The Start GPS unit embodies TomTom's simple design philosophy. Like all of TomTom's GPS devices, it features just a single physical power button. All other functions are controlled via the 3.5in touch screen. Despite the unit's compact size, it feels solid and there are no loose or creaking parts.

Two new features on the Start are an updated EasyPort mount and what TomTom calls "StartSkins". The EasyPort mount retains the same simple lock mechanism seen on earlier units but is easier to remove. A StartSkin is a removable plastic case that lets you to change the colour of the Start. TomTom includes the standard black StartSkin in the sales package, but yellow, orange, red, green, blue and purple skins are available for $24.95.

The TomTom Start interface has been revamped, and the result is a simpler and more streamlined feel. Looking remarkably similar to Garmin's latest Nuvi range, the TomTom Start has just two main icons on its home screen: plan route and browse map. Below on a horizontal bar are options for sound, night, help and settings.

Searching for an address is a similar experience to the current range of TomTom GPS units. You can also navigate to a postcode, a recent destination, a point of interest (POI), or a point on the map. Despite the Start's small screen, the keyboard is responsive and you can choose between ABC, QWERTY and AZERTY layouts. Searching for an address is a three-step process: city, street and then house number.

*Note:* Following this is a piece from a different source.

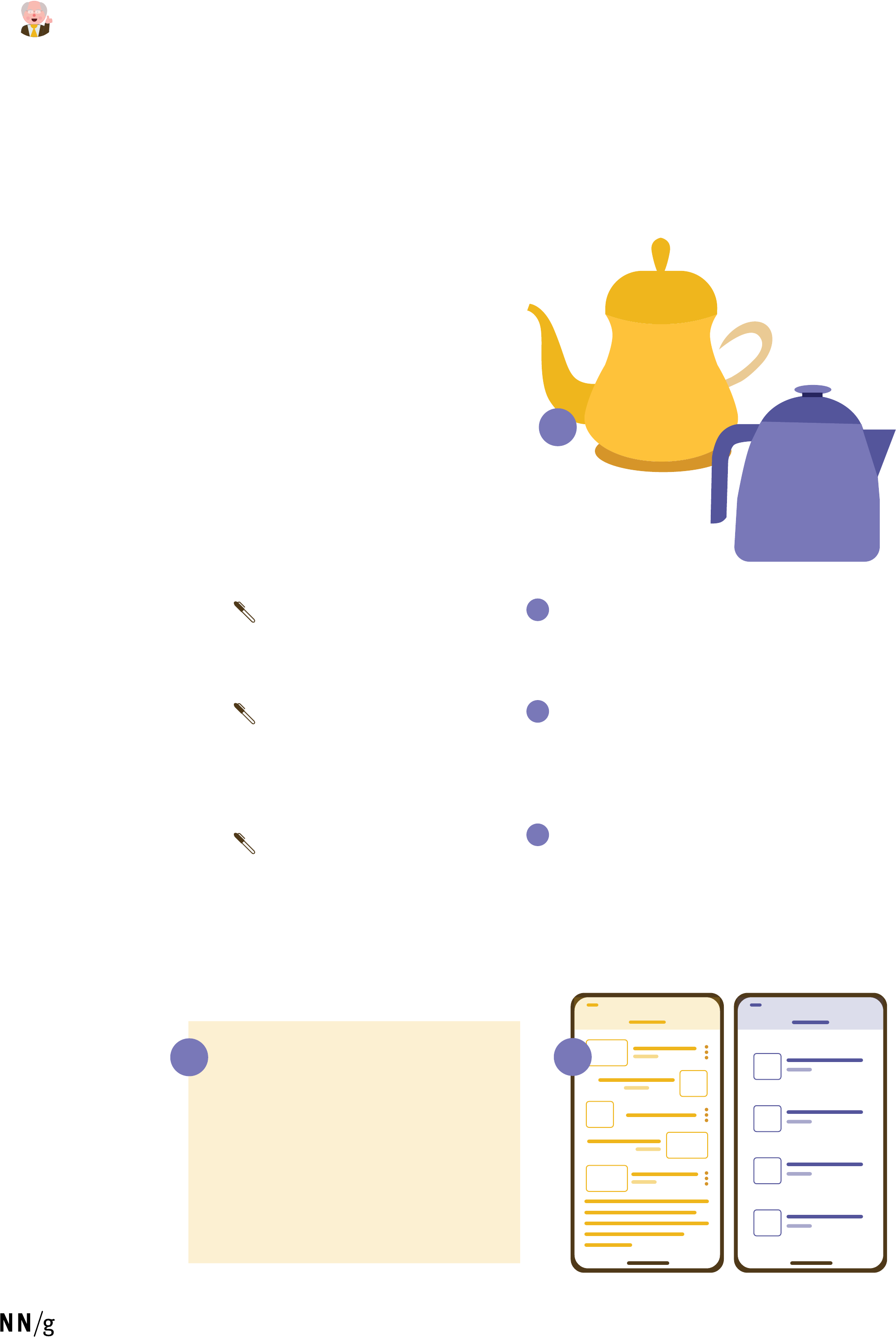 De�nition Interfaces should not contain information which is irrelevant or rarely needed. Every extra unit of information in an interface competes with the relevant units of information and diminishes their relative visibility. Aesthetic and Minimalist Design Jakob’s Heuristic Ornate vs. simple teapot Excessive decorative elements can interfere with usability. Communicate, don’t decorate Over-decoration can cause distraction and make it harder for people to get the core information they need. 8 This doesn't mean you have to use a flat design — it's about making sure you're keeping the content and visual design focused on the essentials. Ensure that the visual elements of the UI support the user's primary goals. ∙ Tip: Keep the content and visual design of UI focus on the essentials. ∙ Tip: Don't let unnecessary elements distract users from the information they really need. ∙ Tip: Prioritize the content and features to support primary goals. www.nngroup.com/articles/aesthetic-and-minimalist-design/ Messy vs organized UI Messy UI increases the interaction cost for users to �nd their desired content; Organized UI lowers the cost. DOn't decorate COMMUNICATE, 2 33 One of our favorite slogans 3 2 1 1

Once you've selected a destination, the TomTom Start displays the fastest route available using IQ Routes and allows you to alter it if necessary. Here you can avoid a roadblock, calculate an alternative route or travel via a waypoint. The IQ Routes technology used by TomTom is based on real-life user data rather than the traditional maximum speed method. It determines a route by considering all possible routes and then selecting the one that supposedly takes the least time, with the technology aiming to avoid main roads where necessary.

In our experience the TomTom Start still preferred to calculate routes using main roads rather than backstreets that are often slightly quicker. We also noticed route calculation is slower compared to other TomTom units — the Start often takes up to 8-10 seconds to recalculate a route, which can be troublesome if there are multiple turn-offs on the current street you're driving on.

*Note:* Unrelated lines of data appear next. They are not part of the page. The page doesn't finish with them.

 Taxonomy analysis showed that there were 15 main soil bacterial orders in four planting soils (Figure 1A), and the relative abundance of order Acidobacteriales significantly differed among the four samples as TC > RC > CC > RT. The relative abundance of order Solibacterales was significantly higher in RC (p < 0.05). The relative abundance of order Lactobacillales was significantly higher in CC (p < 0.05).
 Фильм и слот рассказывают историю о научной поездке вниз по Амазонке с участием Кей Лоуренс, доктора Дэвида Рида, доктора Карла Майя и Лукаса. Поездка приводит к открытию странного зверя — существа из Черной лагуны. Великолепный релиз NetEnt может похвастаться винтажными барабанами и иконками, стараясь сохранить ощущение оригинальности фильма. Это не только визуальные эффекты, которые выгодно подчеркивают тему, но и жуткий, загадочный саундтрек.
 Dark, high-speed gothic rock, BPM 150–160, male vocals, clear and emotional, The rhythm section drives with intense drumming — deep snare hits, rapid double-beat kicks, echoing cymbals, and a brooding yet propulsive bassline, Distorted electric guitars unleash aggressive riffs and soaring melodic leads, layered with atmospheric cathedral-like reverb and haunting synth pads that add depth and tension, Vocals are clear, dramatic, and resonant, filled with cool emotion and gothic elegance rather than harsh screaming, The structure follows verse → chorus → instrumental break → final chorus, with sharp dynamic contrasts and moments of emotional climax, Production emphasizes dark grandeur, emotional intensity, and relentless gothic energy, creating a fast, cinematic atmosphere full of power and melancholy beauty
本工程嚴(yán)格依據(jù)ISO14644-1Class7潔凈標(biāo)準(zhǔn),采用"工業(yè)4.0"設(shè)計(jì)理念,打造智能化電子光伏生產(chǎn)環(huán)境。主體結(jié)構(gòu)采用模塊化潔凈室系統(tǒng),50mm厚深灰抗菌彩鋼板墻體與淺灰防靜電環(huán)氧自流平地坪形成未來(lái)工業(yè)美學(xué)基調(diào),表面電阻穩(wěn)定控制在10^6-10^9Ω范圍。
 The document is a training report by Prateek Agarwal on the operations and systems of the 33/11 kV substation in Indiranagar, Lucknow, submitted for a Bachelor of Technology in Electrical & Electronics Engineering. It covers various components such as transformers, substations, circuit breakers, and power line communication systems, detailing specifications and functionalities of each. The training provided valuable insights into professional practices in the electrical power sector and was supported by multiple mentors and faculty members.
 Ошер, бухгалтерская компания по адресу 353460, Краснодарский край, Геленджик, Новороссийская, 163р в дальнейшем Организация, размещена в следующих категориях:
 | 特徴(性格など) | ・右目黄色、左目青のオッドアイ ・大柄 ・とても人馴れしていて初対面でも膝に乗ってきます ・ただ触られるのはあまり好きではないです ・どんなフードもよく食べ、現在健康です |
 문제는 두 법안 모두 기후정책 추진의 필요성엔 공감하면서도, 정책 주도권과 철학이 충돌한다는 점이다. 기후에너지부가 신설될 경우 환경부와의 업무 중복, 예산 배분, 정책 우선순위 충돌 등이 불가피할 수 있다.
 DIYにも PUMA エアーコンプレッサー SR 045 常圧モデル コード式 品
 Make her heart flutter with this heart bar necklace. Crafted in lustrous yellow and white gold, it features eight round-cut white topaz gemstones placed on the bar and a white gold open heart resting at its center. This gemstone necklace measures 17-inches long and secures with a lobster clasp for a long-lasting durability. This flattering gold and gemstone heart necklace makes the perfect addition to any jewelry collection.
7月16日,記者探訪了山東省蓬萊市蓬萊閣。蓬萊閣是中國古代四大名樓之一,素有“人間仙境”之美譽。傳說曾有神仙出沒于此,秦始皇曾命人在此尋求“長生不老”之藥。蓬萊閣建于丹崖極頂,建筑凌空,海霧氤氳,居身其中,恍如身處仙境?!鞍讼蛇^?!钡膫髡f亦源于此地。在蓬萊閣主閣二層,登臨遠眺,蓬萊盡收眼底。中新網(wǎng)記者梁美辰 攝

The TomTom Start has text-to-speech technology, which means that it speaks the names of streets as you approach them. The unit tends to struggle with longer street names such as Greystanes, which was pronounced "Greystaaaans". Spoken street names are only available with UK and US voices (there is an Australian voice but this doesn't announce street names). Puzzlingly, the TomTom Start announced a roundabout as a "rotary". In general, though, the voice is loud and clear and in most instances is detailed enough to ensure you keep your eyes on the road.

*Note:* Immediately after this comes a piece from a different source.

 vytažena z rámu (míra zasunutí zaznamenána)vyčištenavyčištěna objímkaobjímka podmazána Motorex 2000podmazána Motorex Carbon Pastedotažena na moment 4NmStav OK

Being an entry-level GPS, the TomTom Start lacks some more advanced features like lane guidance, traffic notifications and Bluetooth, but it includes fixed speed and red light camera alerts and an over-speed alert. Lane guidance is a disappointing omission; we find this function extremely useful when driving on motorways and freeways.

The Start includes TomTom's Map Share and the 'Help Me!' safety portal. In addition to corrections and improvements to the maps being uploaded every month by other TomTom users, Map Share allows you to make adjustments to maps through the unit itself. Users can add their own POIs, update road changes, edit phone numbers and add new streets. You can then share this information with other TomTom users, uploading the changes via the included TomTom HOME software. The Help Me! safety function displays information and allows you to navigate (either by car or on foot) to a multitude of services including police stations, hospitals, mechanics, public transport and pharmacies. It also has first aid, traffic regulation, and repair and maintenance guides.

Battery life is rated at up to two hours. TomTom disappointingly doesn't include an AC charger in the sales package, so you'll have to charge the Start via the included USB cable or cigarette lighter adapter.